This thread has been locked.

If you have a related question, please click the "Ask a related question" button in the top right corner. The newly created question will be automatically linked to this question.

OpenMP performance issue for adding a large set of numbers to find mean

Other Parts Discussed in Thread: SYSBIOS

I am working on a curve fit application and I am generating a data of 4096k elements of type float and storing in DDR3. With one core I, the time taken to find mean is 0.59 sec but this doesn't scale well with OpenMP.

I have attached the platform file.

Stack: L2
Data:  MSMCSRAM_NOCACHE
code: MSMCSRAM
L2 Cache: 256k
L1D Cache: 32k
L1P Cache: 32k

Is there any optimization to get a salable speedup. With 4 cores it takes 0.25sec and with 8 cores 0.31sec

  • Hi Ajay,

    What version of OMP, and other RTSC components (MCSDK, BIOS, IPC, etc) are you using? The settings in the platform file and cfg file you use would depend on that.

    If you aren't already using MCSDK 2.01.02.06, I would recommend installing it from http://software-dl.ti.com/sdoemb/sdoemb_public_sw/bios_mcsdk/latest/index_FDS.html. Once you have that, the next step is to update OpenMP to OMP 1.02.05 http://software-dl.ti.com/sdoemb/sdoemb_public_sw/omp/1_02_00_05/index_FDS.html  This version of OMP has various performance enhancements over previous versions.

    Once you have these installed and CCS recognizes the OMP package, please ensure that you go through the OpenMP examples from this new release, to see both platform file changes and cfg changes. Once you incorporate these changes, if you continue to face issues, please reply to this post with both your cfg file and platform file, and a list of the software versions used.

    Thanks!

  • Hi Uday,

    Thanks for your reply.

    I am already using MCSDK 2.01.02.06 with OpenMP version 1.01.03.02. I will update the OMP runtime. If I DMA the data from the DDR3 to L2 SRAM (with L2 cache disabled) using OMP, will this provide performance improvement?

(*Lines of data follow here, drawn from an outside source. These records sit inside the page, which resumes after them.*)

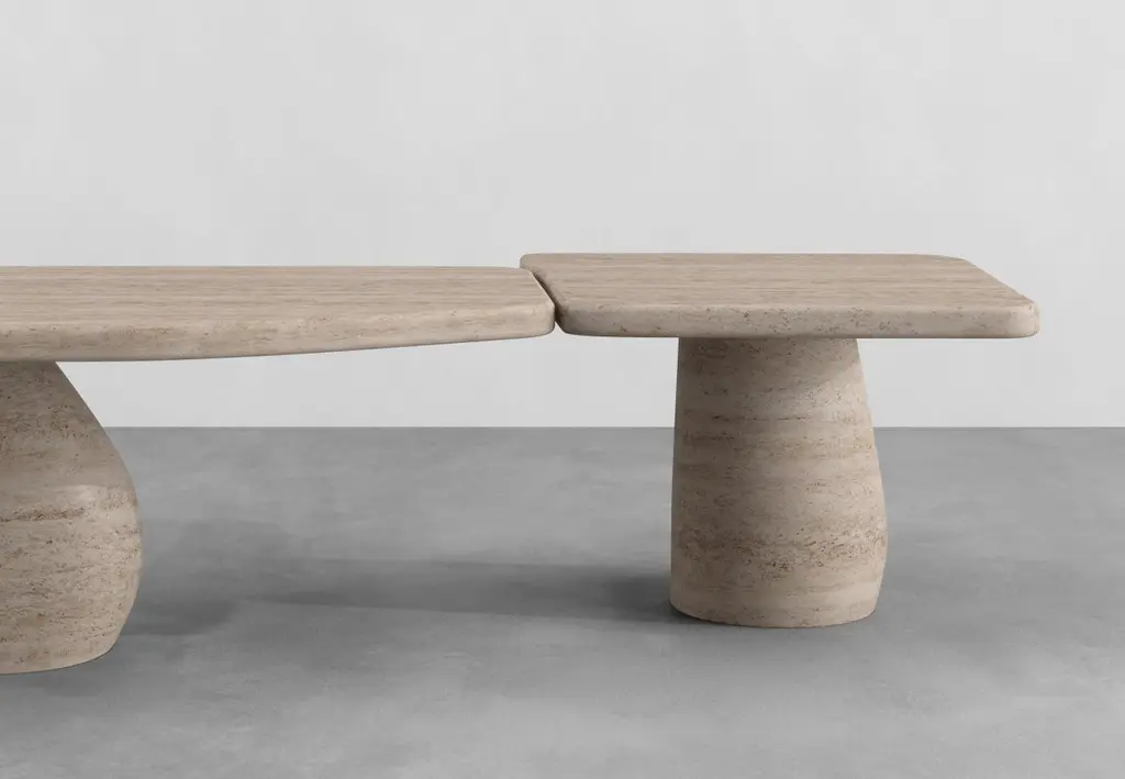 Contemporary Travertine Pigalle, 390 Dining Table By Armand & Francine
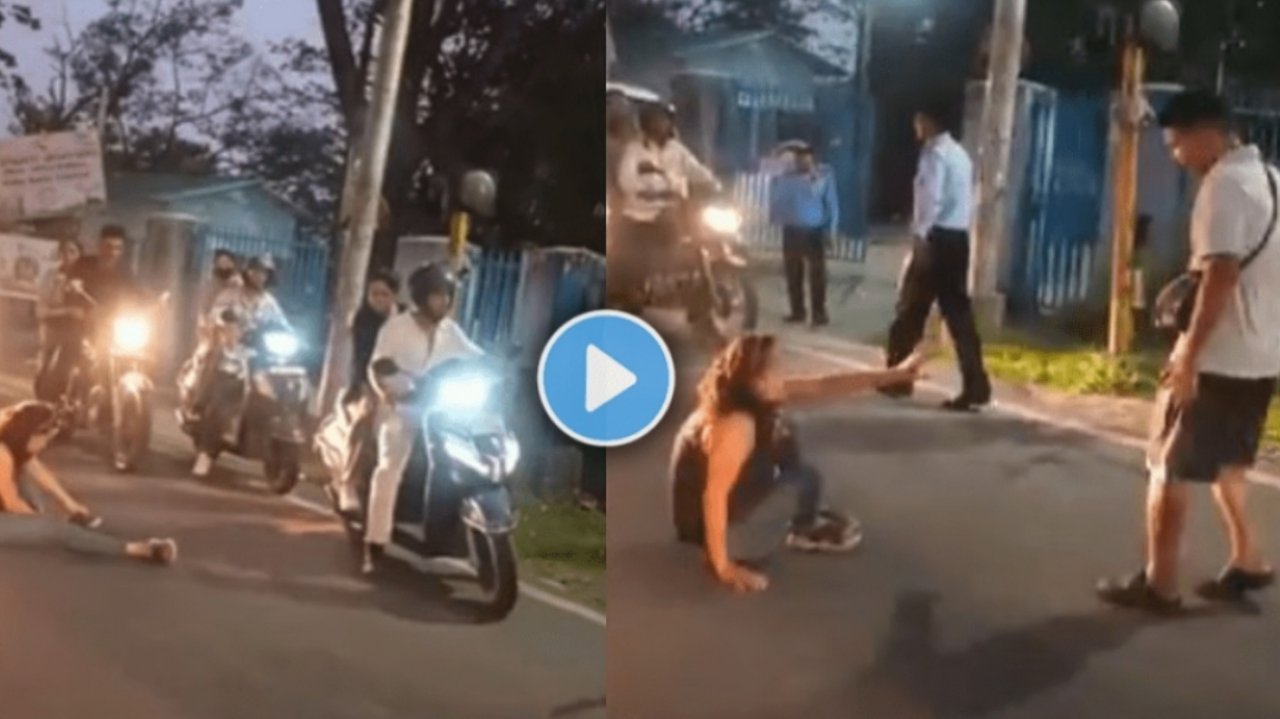 व्हिडीओमध्ये दिसते की, काळ्या स्लीव्हलेस टॉप आणि डेनिम घातलेली एक महिला रस्त्याच्या मधोमध बसलेली आहे. रस्त्यावरून वाहनांची ये-जा सुरु आहे तरीही तिला त्याची भिती किंवा कसली पर्वा दिसत नाही. रस्त्यावरून जाणाऱ्या गाड्यांच्या मधोमध बसून ती त्यांच्या मार्गात अडथळा आणताना दिसत आहे. जमिनीवर बसलेली ही तरुणी थोडीशी पुढे झुकलेली दिसत आहे आणि तिच्या चप्पलपैकी एक नीट पायात घालत आहे.
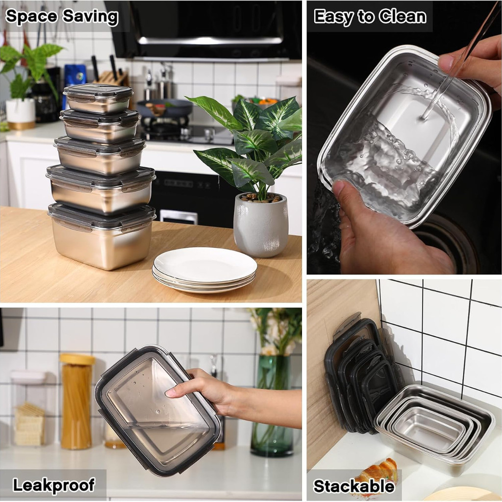 Stainless Steel Food Container Lunch Box Stainless Steel Refrigerator Clip Lock Storage Box Bekas Makanan Food Storage
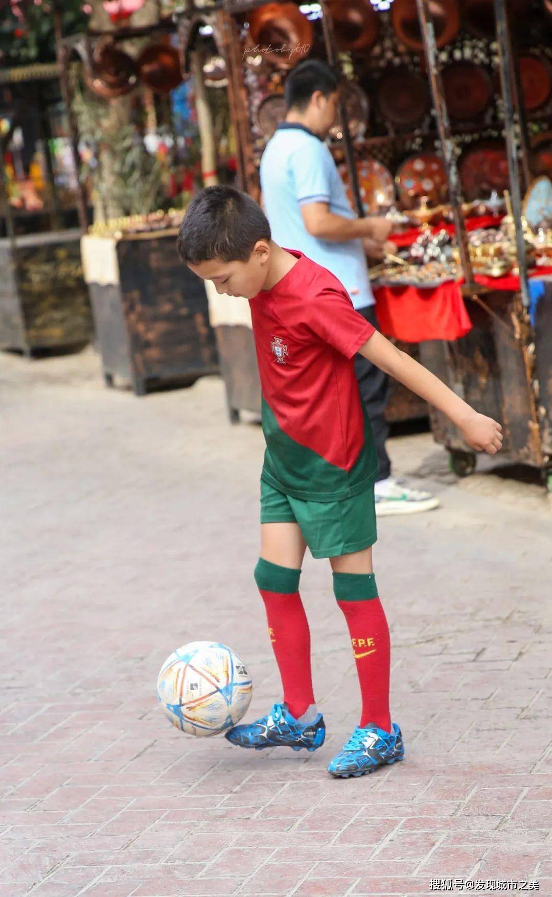 今早在古城里碰到一个穿着葡萄牙国家队服的小孩正在踢球,

    Also could you provide me with a good cache configuration for such memory bound computation where the data doesn't stay in the cache for long.

    Thank you

  • Hi Ajay

    You should typically see the scaling without the need for data movement from DDR3 to L2. Let's try a few things:

    Once you update to the OMP 1.02.00.05, I would suggest starting out with the following settings in the RTSC platform file that you use (you can edit the platform you are using by going to the CCS Debug Perspective and then choose menu Tools --> RTSC Tools --> Platform --> Edit/View. 

    Once you've saved the platform, please ensure that you select it to be your RTSC platform of choice in your project settings.

    Now in your configuration file (.cfg), among what's already there, add the following lines if they aren't already present:

    var Cache = xdc.useModule('ti.sysbios.family.c66.Cache');
    // all external memory cacheable; write-through disabled (better performance if disabled)
    Cache.setMarMeta(0x80000000, 0x20000000, Cache.PFX | Cache.PC);
    OpenMP.enableMemoryConsistency = true; 
    OpenMP.noncachedMsmcAlias = 0xA0000000;

    Let us know what performance you observe once you've implemented this, and if you see a scaling performance.

    Also just in case there are a lot of 'if...then...else' statements inside your parallel region, see if you can eliminate them or extract those out of the parallel region.